Karin Jacobson Jewelry Design Inspiration Trip to the MIA 2
There were some aspiring young artists sketching at the entrance to the Asian Collections, but most of the galleries were empty that morning.

In my wandering, I came across some stunning Navajo turquoise jewelry from the 1930s and 1940s, which combined skillful design and execution with breathtaking natural stones. I  also spent a good long time admiring an amazing pair of Christian Louboutins that had been hand-beaded in the tiniest of beads by a contemporary Lakota artist from the Oglala Sioux tribe. The shoes were made to honor the artist’s grandmother whose name is transcribed into English as “Many Horses Woman.” I wish the photo captured the intricacy of the work, as the beads were absolutely miniscule.

Karin Jacobson Jewelry Design Inspiration Trip to the MIA 3
 I love visiting the vintage Navajo turquoise, but these beaded Louboutins were new to me!

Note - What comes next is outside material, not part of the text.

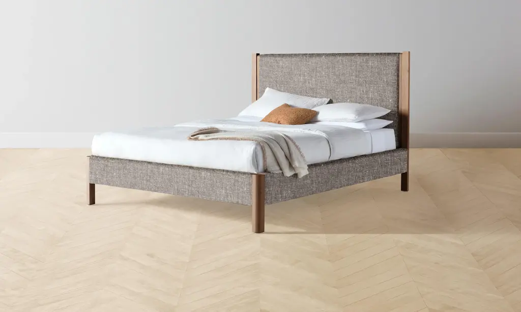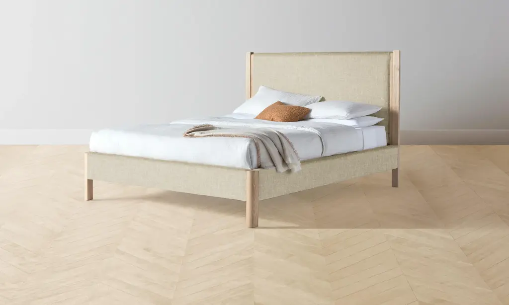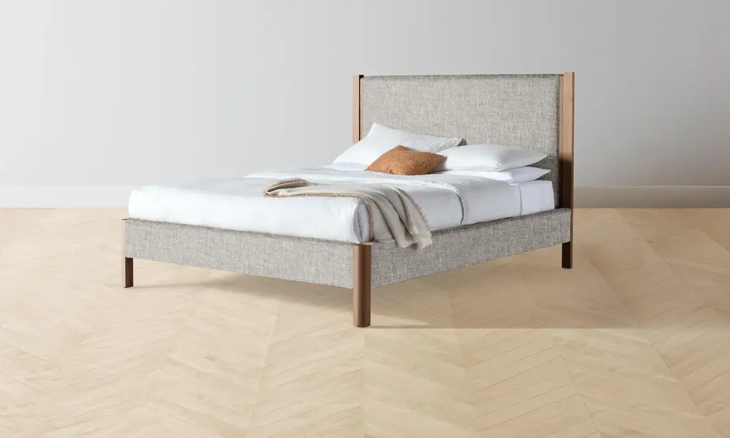 The Thompson Bed is an expression of graceful simplicity. It has an ash frame with rounded corners and neat upholstery along the headboard, foot rail, and sides, creating a perfect balance of rigidity and softness. Handcrafted in North Carolina.
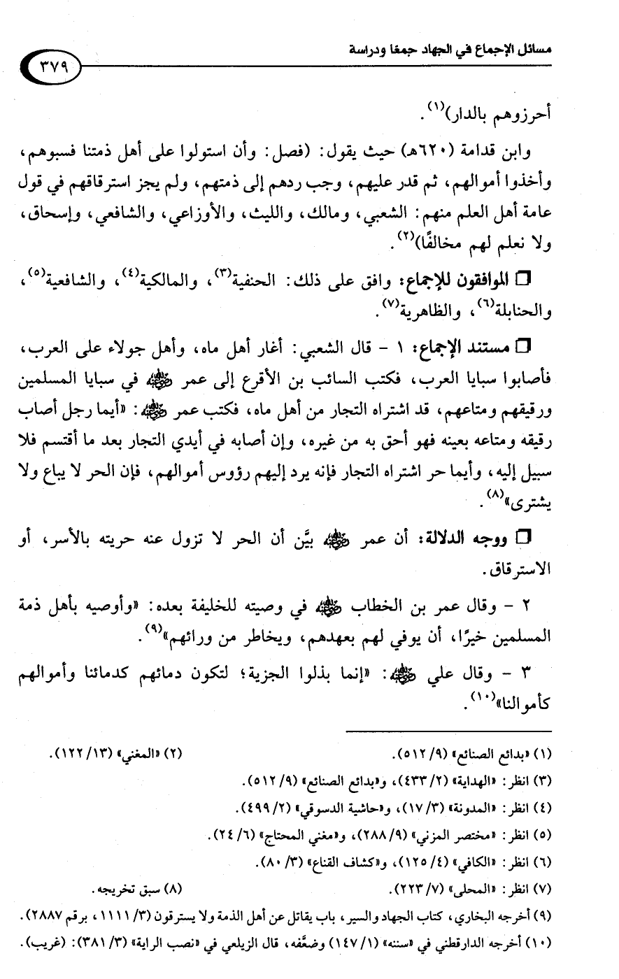 وابن قدامة (620 هـ) حيث يقول: (فصل: وأن استولوا على أهل ذمتنا فسبوهم، وأخذوا أموالهم، ثم قدر عليهم، وجب ردهم إلى ذمتهم، ولم يجز استرقاقهم في قول عامة أهل العلم منهم: الشعبي، ومالك، والليث، والأوزاعي، والشافعي، وإسحاق، ولا نعلم لهم مخالفًا) (¬2).

Then I headed off to the Asian collections. The MIA is well known for its extensive collections of Asian artworks, and I enjoy wandering through room after room, each showcasing pieces from a different region. There’s a huge variety of works from ancient to modern.

Karin Jacobson Jewelry Design Inspiration Trip to the MIA 5
Clockwise from upper left: Here’s a detail of a Chinese ink painting from 1752; a Japanese woodblock print from 1930 by Kawase Hasui; a modern lacquer piece depicting a chestnut seed – part of exhibition Contemporary Lacquer; and a porcelain pot from a 20th century Japanese artist.

A favorite work that I always make a point of visiting is also one of the museum’s most famous pieces; the Jade Mountain Illustrating the Gathering of Scholars at the Lanting Pavilion (1784) is the largest jade carving outside of China and depicts a gathering of Chinese calligraphers that took place in 353. I see new details every time I look! Note the tiny teacups floating down the river.

Karin Jacobson Jewelry Design Inspiration Trip to the MIA 4
 It's hard to capture the scale in a photo, but the Jade Mountain weighs 640 pounds!

I usually spend the first hour or so just wandering and drinking in the beauty, but when I’m ready to get down to work, I like to pick a piece or two that really captures my imagination and sparks some ideas. I’ll hang out with it for a while and sketch and take notes. (On a good day, there will be a bench in front of my artwork of choice – and on this recent visit, I was in luck!)

Karin Jacobson Jewelry Design Inspiration Trip to the MIA 6
 The minute I saw this piece, I knew I wanted to spend some time with it.  It wasn't long before I was sketching ideas for a new pair of earrings!

This two-panel folding screen called “Lying Dragon Plum Tree” is relatively contemporary – it was completed in 1983 by Funada Gyokuju. But to create the “richness and density of thousands of plum blossoms” the artist applied many layers of paint to the paper over the course of multiple years. I was struck by the colors and softness of the style that the artist used to capture the blossoms. My absolute favorite time of year is when the apple, cherry, and plum trees are blossoming. After a long winter in Minnesota, the greens are at their brightest and the fruit trees are full of color! This screen made me so happy, I had to hang out with it for quite a while.

I sat and sketched and it inspired these earrings!

Karin Jacobson Jewelry Design Plum Blossom Earrings with Opals and Sapphires
These earrings came out pretty much as I'd envisioned back in the museum - they feature Australian opal doublets set in 22k gold and a dozen little pink sapphires set in 18K gold, accented with oxidized sterling silver.  I'm loving the scale of them - definitely statement earrings!

As I’ve mentioned before, I’m always careful about seeking inspiration from other jewelers; I never want to inadvertently riff of someone else’s idea as I create my own designs. But I feel comfortable and happy letting my imagination play over paintings, sculptures, and other works of visual art. Seeing the creativity and prowess of master artists nearly always inspires me to tease out a few new ideas!